Montana Audubon researcher Bo Crees and I spot a black swift darting into the misty spray of the waterfall spilling down above us. We’re surveying a site in the Bitterroot Mountains.
It’s just a moment until the dark bird disappears into the mossy overhang.
“And that’s why, 'if you blink, you miss them,' is something we say a lot with black swifts,” Crees says.
In the half hour we’ve been standing here, Crees’ eyes have been glued on the rocky walls around the falls. He’s spotted several pairs of swifts as they plummet from the sky and swoop up under the water. The birds fly out every morning around sunrise to spend the day catching bugs, and then return at dusk to feed their chicks.
Swifts are like goldilocks, they need a waterfall with just the right amount of flow and mossy overhangs to build a nest.

"Notice how perfect this nest location is, safety wise. The nest is probably about 20, 25, feet above the creek," Crees points out.

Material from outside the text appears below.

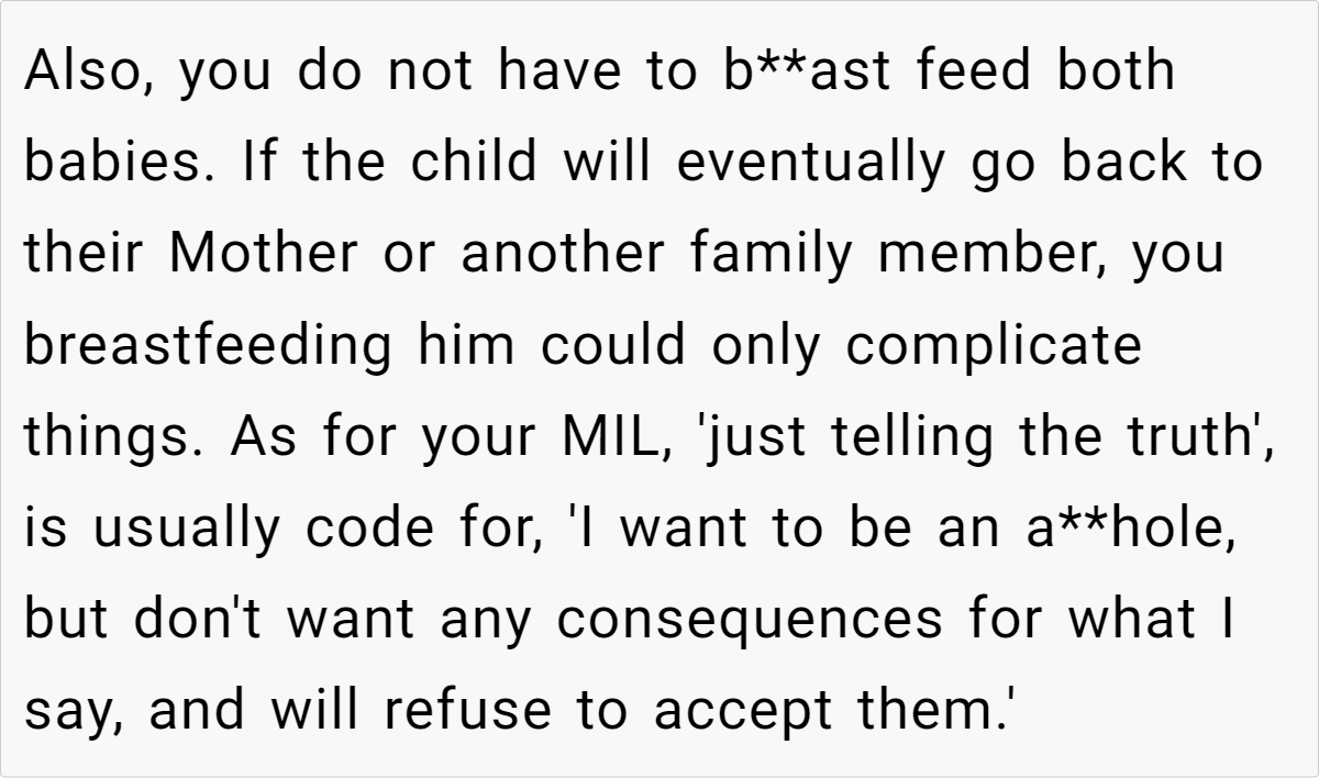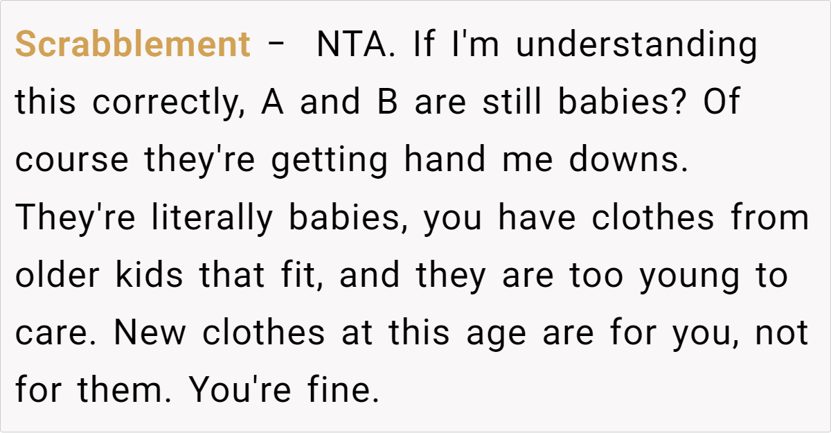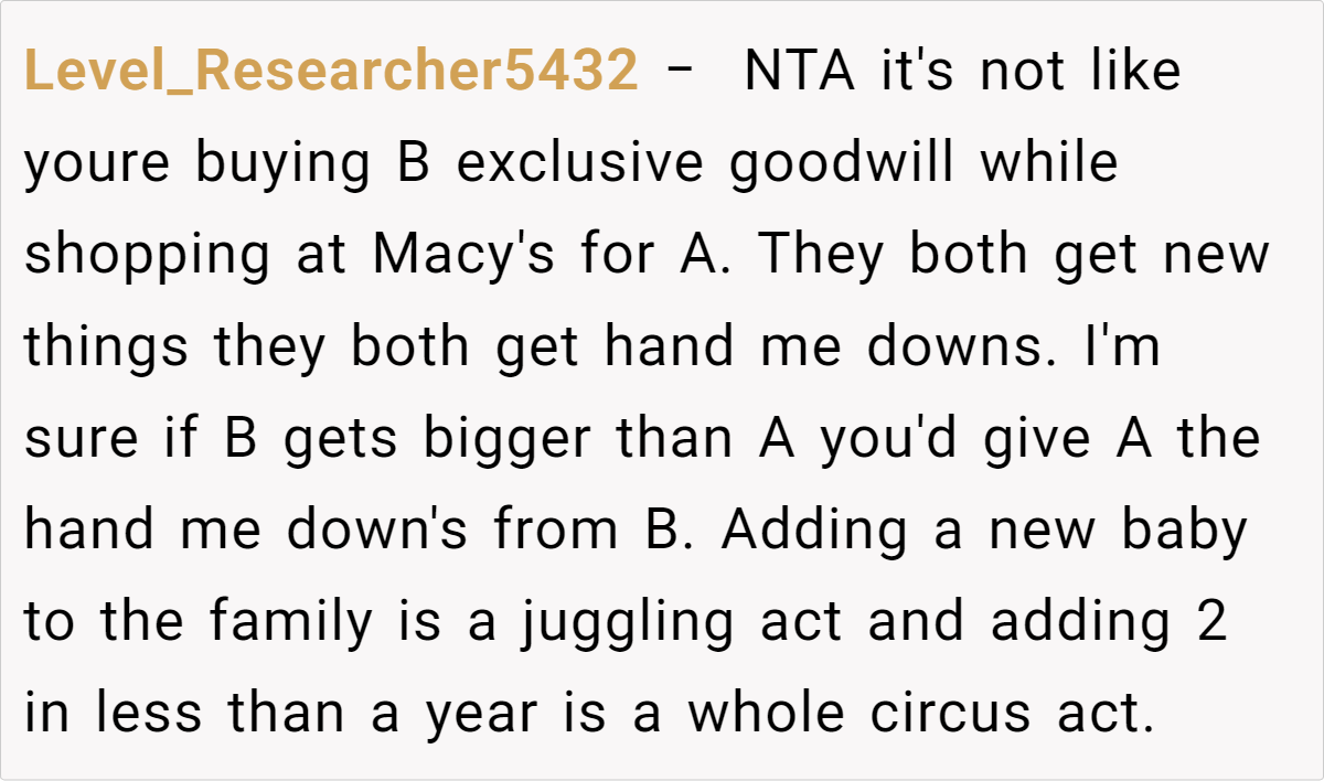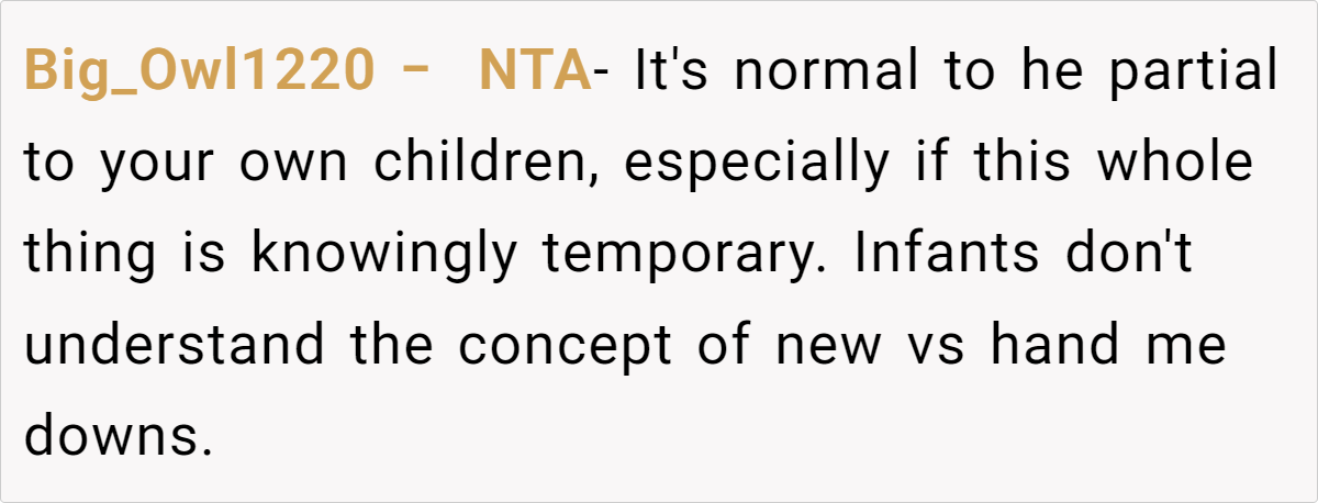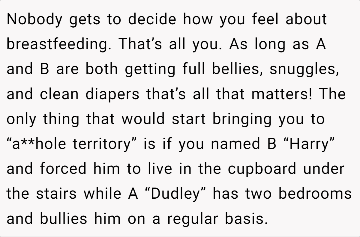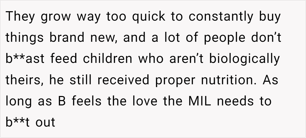A 2022 study in Family Relations Journal highlights that “parents in low-income households often make ‘tiered’ sacrifices, prioritizing immediate needs (e.g., feeding infants) over perceived luxuries (e.g., new clothes).” OP’s choice to breastfeed her biological child while using formula for “B” aligns with resource optimization, not favoritism.
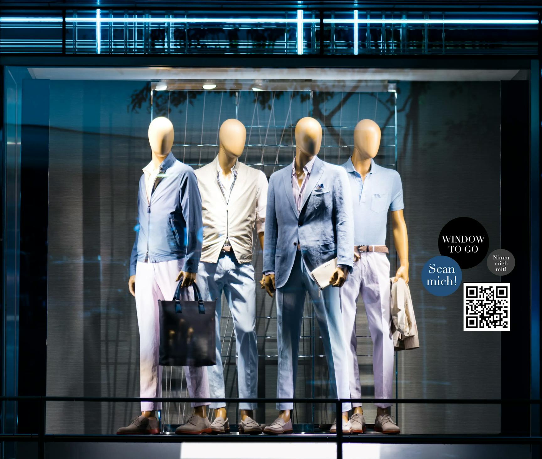 Mit dem QR Code schaffen wir eine Online-Verkaufsfläche für Schaufenster. Dabei wird das Fenster visualisiert und digitalisiert.

The nest he points to sits on a tiny ledge under a horizontal rocky roof. Multiple pairs of birds can nest under the same waterfall. Crees will count at least three groups before the night is through. Black swifts only raise one chick in a nest per year. These watery locations are ideal, because they’re almost impossible for predators to access.
"This is why the swifts can afford to take a really, really long time to incubate the egg and then tend to the young before they fledge," Crees explains.
But waterfalls aren’t steady. As climate change alters snowpack, changes the timing of spring runoff and prematurely melts glaciers that feed these falls, swifts lose nesting sites. Their population is less than half the size it was 50 years ago. The Cornell Lab of Ornithology has labeled the black swift as a “tipping point” species.
"Swifts, as soon as they leave a past nesting site because there’s no more water or moss or what they need for nesting, it’s kind of unlikely that they’re going to repopulate that site," Crees says. "Even if in future years we start getting more moisture."

Montana Audubon researchers, like Crees, have been surveying waterfalls for swifts for over a decade. This summer, they’re covering more than 30 sites from far north in the Yaak to down here in the Bitterroot. Glacier National Park has the highest density of survey sites, with the most waterfalls.
Researchers are using this data to better understand where the birds are, and to track how swifts are responding to climate change. After finishing tonight's survey, Crees will return in the morning and then another evening after that, to get the best idea of how many swifts are nesting here.
As he hikes out, and the background noise recedes, Crees marvels at what it must be like to enter the world right next to a waterfall:
"I always think about the moment that a black swift fledges after about a month and a half of knowing nothing but waterfall noise, and all of a sudden they're on the wing and everything becomes quiet instantly."